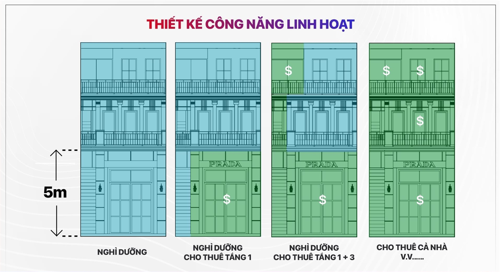 Các căn shophouse KVG Mozzadiso Nha Trang đều “chạm” tối đa công năng với thiết kế 3 tầng và 1 lửng cùng cầu thang độc lập với mái che riêng giúp gia chủ khai thác tài sản tối ưu nhất vừa kinh doanh – vừa cho thuê – vừa nghỉ dưỡng trong không gian riêng tư cho cả gia đình.
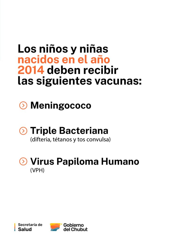 Por su parte, los nacidos en 2014 deben recibir la vacuna Triple Bacteriana Acelular, que previene la Difteria, el Tétanos y la Tos Convulsa; la vacuna contra el Virus del Papiloma Humano (VPH), que previene el cáncer de cuello uterino en las niñas y otros cánceres relacionados al VPH tanto en mujeres como en hombres, y cuyo esquema se modificó y pasó a ser de una sola dosis; y, finalmente, una dosis de la vacuna contra el Meningococo.
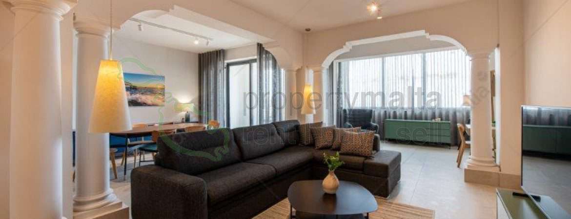 Luxuriously finished three-bedroom apartment in Mellieha, enjoying unobstructed sea views. The property comprises an open-plan kitchen/living/dining area, three double bedrooms, a main with a private bathroom, a guest bathroom, a library room, and a front balcony. Fully equipped and air-conditioned. One car garage is included in the price.
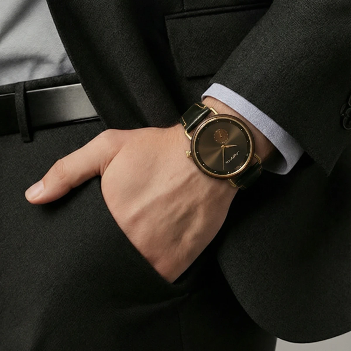 Montre cuir et bois ébène Quantum – L’élégance au masculin
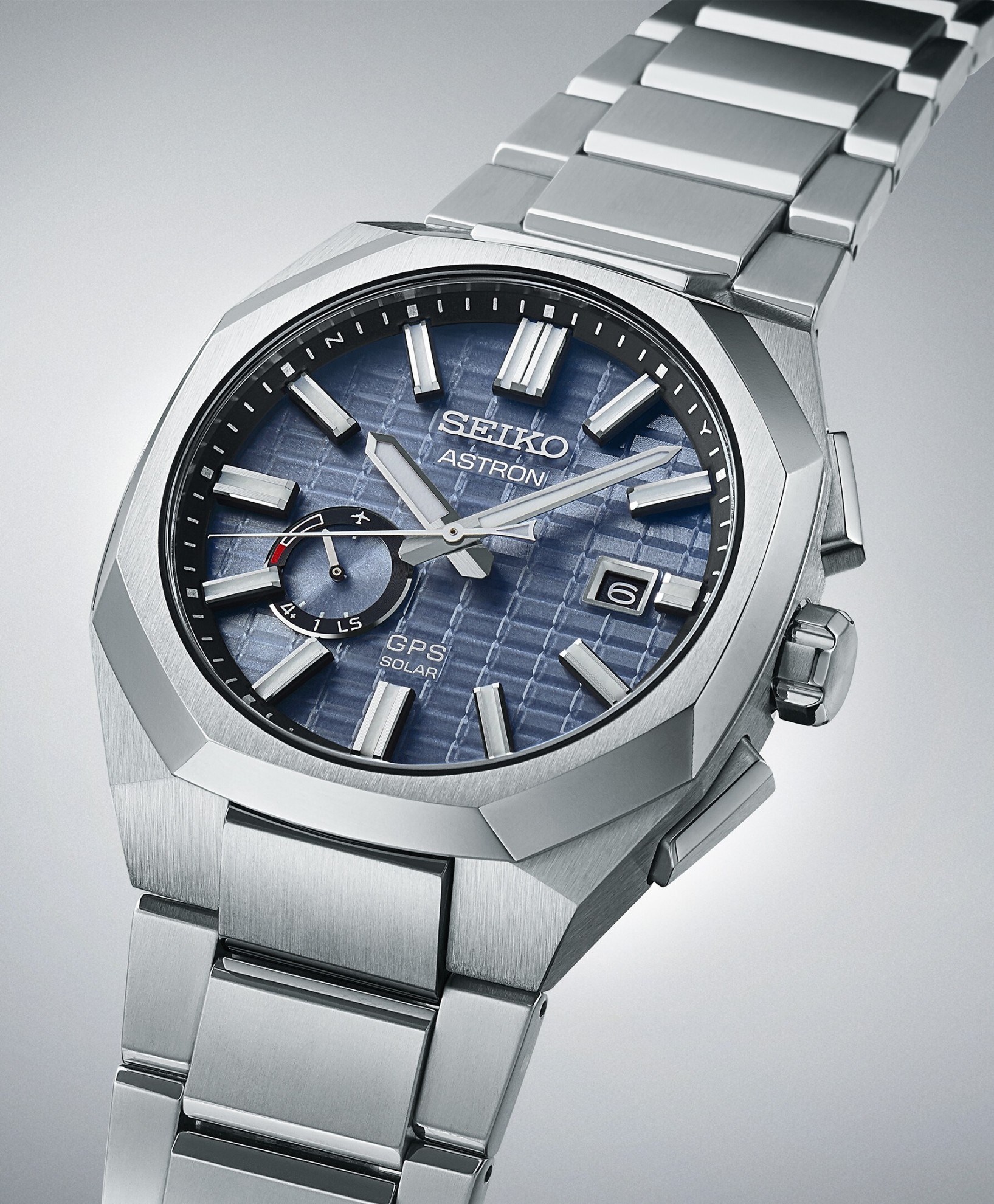 Modrý číselník s indikáciou dátumu, večným kalendárom a so subciferníkom na ôsmej hodine je chránený odolným zafírovým sklom s antireflexnou vrstvou. Subciferník plní úlohu indikácie procesu príjmu signálu GPS, stavu nabitia batérie, príjmu prestupných sekundových dát a letového režimu. Dizajn číselníka bol inšpirovaný kremíkovými kryštálmi použitými k vytvoreniu ladiacich vidlicových oscilátorov pôvodných hodiniek Quartz Astron. Aplikované hodinové indexy sú rovnako ako ručičky pokryté luminiscenčným náterom LumiBrite, ktorý garantuje perfektnú čitateľnosť za zhoršených svetelných podmienok. Pohon hodiniek zaisťuje solárny batériový strojček 3X62 s prevenciou prebíjania a funkciou úspory energie. Hodinky prijímajú signál GPS pre automatické nastavenie času a nastavenie časového pásma. Strojček má presnosť cca 15 sekúnd za mesiac bez príjmu signálu GPS a pri teplotách 5 - 35 °C a disponuje rezervou chodu zhruba 6 mesiacov pri plnom nabití. Vodotesnosť hodiniek je 10 ATM a sú vhodné na kúpanie alebo šnorchlovanie.
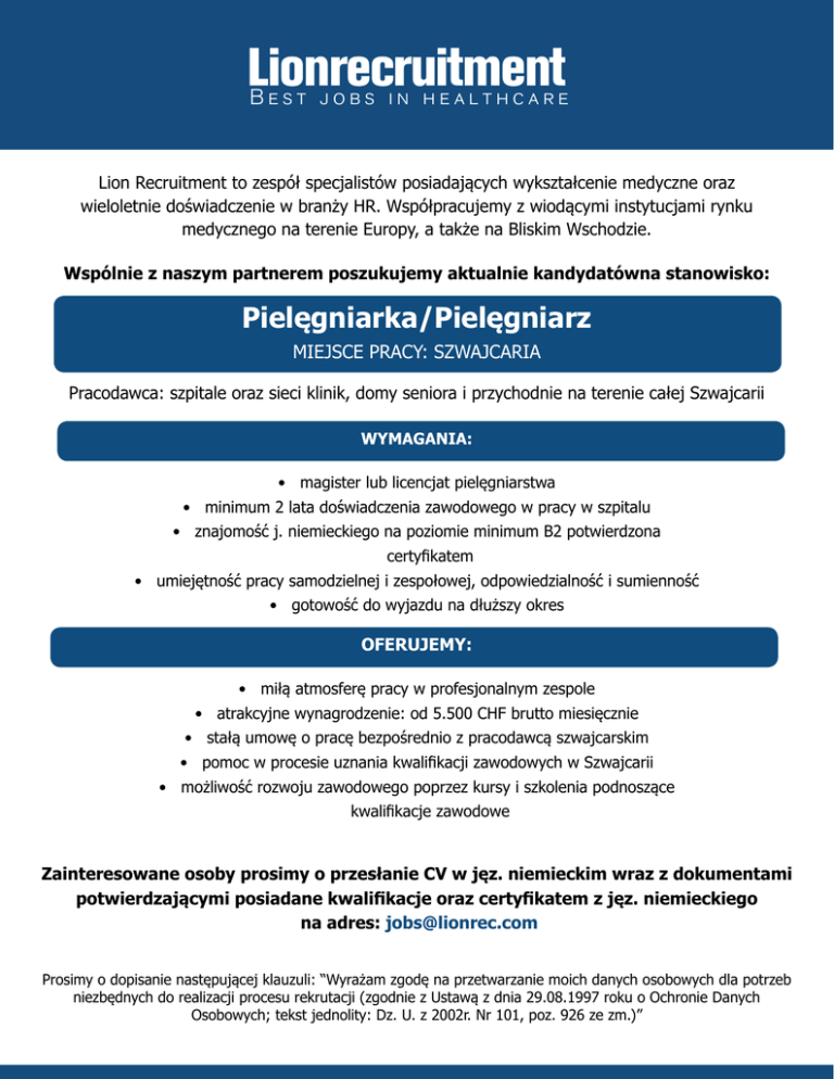 Lionrecruitment Best jobs in healthcare Lion Recruitment to zespół specjalistów posiadających wykształcenie medyczne oraz wieloletnie doświadczenie w branży HR. Współpracujemy z wiodącymi instytucjami rynku medycznego na terenie Europy, a także na Bliskim Wschodzie. Wspólnie z naszym partnerem poszukujemy aktualnie kandydatówna stanowisko: Pielęgniarka/Pielęgniarz MIEJSCE PRACY: SZWAJCARIA Pracodawca: szpitale oraz sieci klinik, domy seniora i przychodnie na terenie całej Szwajcarii WYMAGANIA: • magister lub licencjat pielęgniarstwa • minimum 2 lata doświadczenia zawodowego w pracy w szpitalu • znajomość j. niemieckiego na poziomie minimum B2 potwierdzona certyfikatem • umiejętność pracy samodzielnej i zespołowej, odpowiedzialność i sumienność • gotowość do wyjazdu na dłuższy okres OFERUJEMY: • miłą atmosferę pracy w profesjonalnym zespole • atrakcyjne wynagrodzenie: od 5.500 CHF brutto miesięcznie • stałą umowę o pracę bezpośrednio z pracodawcą szwajcarskim • pomoc w procesie uznania kwalifikacji zawodowych w Szwajcarii • możliwość rozwoju zawodowego poprzez kursy i szkolenia podnoszące kwalifikacje zawodowe Zainteresowane osoby prosimy o przesłanie CV w jęz. niemieckim wraz z dokumentami potwierdzającymi posiadane kwalifikacje oraz certyfikatem z jęz. niemieckiego na adres: [email protected] Prosimy o dopisanie następującej klauzuli: “Wyrażam zgodę na przetwarzanie moich danych osobowych dla potrzeb niezbędnych do realizacji procesu rekrutacji (zgodnie z Ustawą z dnia 29.08.1997 roku o Ochronie Danych Osobowych; tekst jednolity: Dz. U. z 2002r. Nr 101, poz. 926 ze zm.)”

****************

◆ Problem to work on ◆
All of the material above is to be retyped verbatim, with its pictures omitted.

◆ Exercise result ◆
 Các căn shophouse KVG Mozzadiso Nha Trang đều “chạm” tối đa công năng với thiết kế 3 tầng và 1 lửng cùng cầu thang độc lập với mái che riêng giúp gia chủ khai thác tài sản tối ưu nhất vừa kinh doanh – vừa cho thuê – vừa nghỉ dưỡng trong không gian riêng tư cho cả gia đình.
 Por su parte, los nacidos en 2014 deben recibir la vacuna Triple Bacteriana Acelular, que previene la Difteria, el Tétanos y la Tos Convulsa; la vacuna contra el Virus del Papiloma Humano (VPH), que previene el cáncer de cuello uterino en las niñas y otros cánceres relacionados al VPH tanto en mujeres como en hombres, y cuyo esquema se modificó y pasó a ser de una sola dosis; y, finalmente, una dosis de la vacuna contra el Meningococo.
 Luxuriously finished three-bedroom apartment in Mellieha, enjoying unobstructed sea views. The property comprises an open-plan kitchen/living/dining area, three double bedrooms, a main with a private bathroom, a guest bathroom, a library room, and a front balcony. Fully equipped and air-conditioned. One car garage is included in the price.
 Montre cuir et bois ébène Quantum – L’élégance au masculin
 Modrý číselník s indikáciou dátumu, večným kalendárom a so subciferníkom na ôsmej hodine je chránený odolným zafírovým sklom s antireflexnou vrstvou. Subciferník plní úlohu indikácie procesu príjmu signálu GPS, stavu nabitia batérie, príjmu prestupných sekundových dát a letového režimu. Dizajn číselníka bol inšpirovaný kremíkovými kryštálmi použitými k vytvoreniu ladiacich vidlicových oscilátorov pôvodných hodiniek Quartz Astron. Aplikované hodinové indexy sú rovnako ako ručičky pokryté luminiscenčným náterom LumiBrite, ktorý garantuje perfektnú čitateľnosť za zhoršených svetelných podmienok. Pohon hodiniek zaisťuje solárny batériový strojček 3X62 s prevenciou prebíjania a funkciou úspory energie. Hodinky prijímajú signál GPS pre automatické nastavenie času a nastavenie časového pásma. Strojček má presnosť cca 15 sekúnd za mesiac bez príjmu signálu GPS a pri teplotách 5 - 35 °C a disponuje rezervou chodu zhruba 6 mesiacov pri plnom nabití. Vodotesnosť hodiniek je 10 ATM a sú vhodné na kúpanie alebo šnorchlovanie.
 Lionrecruitment Best jobs in healthcare Lion Recruitment to zespół specjalistów posiadających wykształcenie medyczne oraz wieloletnie doświadczenie w branży HR. Współpracujemy z wiodącymi instytucjami rynku medycznego na terenie Europy, a także na Bliskim Wschodzie. Wspólnie z naszym partnerem poszukujemy aktualnie kandydatówna stanowisko: Pielęgniarka/Pielęgniarz MIEJSCE PRACY: SZWAJCARIA Pracodawca: szpitale oraz sieci klinik, domy seniora i przychodnie na terenie całej Szwajcarii WYMAGANIA: • magister lub licencjat pielęgniarstwa • minimum 2 lata doświadczenia zawodowego w pracy w szpitalu • znajomość j. niemieckiego na poziomie minimum B2 potwierdzona certyfikatem • umiejętność pracy samodzielnej i zespołowej, odpowiedzialność i sumienność • gotowość do wyjazdu na dłuższy okres OFERUJEMY: • miłą atmosferę pracy w profesjonalnym zespole • atrakcyjne wynagrodzenie: od 5.500 CHF brutto miesięcznie • stałą umowę o pracę bezpośrednio z pracodawcą szwajcarskim • pomoc w procesie uznania kwalifikacji zawodowych w Szwajcarii • możliwość rozwoju zawodowego poprzez kursy i szkolenia podnoszące kwalifikacje zawodowe Zainteresowane osoby prosimy o przesłanie CV w jęz. niemieckim wraz z dokumentami potwierdzającymi posiadane kwalifikacje oraz certyfikatem z jęz. niemieckiego na adres: [email protected] Prosimy o dopisanie następującej klauzuli: “Wyrażam zgodę na przetwarzanie moich danych osobowych dla potrzeb niezbędnych do realizacji procesu rekrutacji (zgodnie z Ustawą z dnia 29.08.1997 roku o Ochronie Danych Osobowych; tekst jednolity: Dz. U. z 2002r. Nr 101, poz. 926 ze zm.)”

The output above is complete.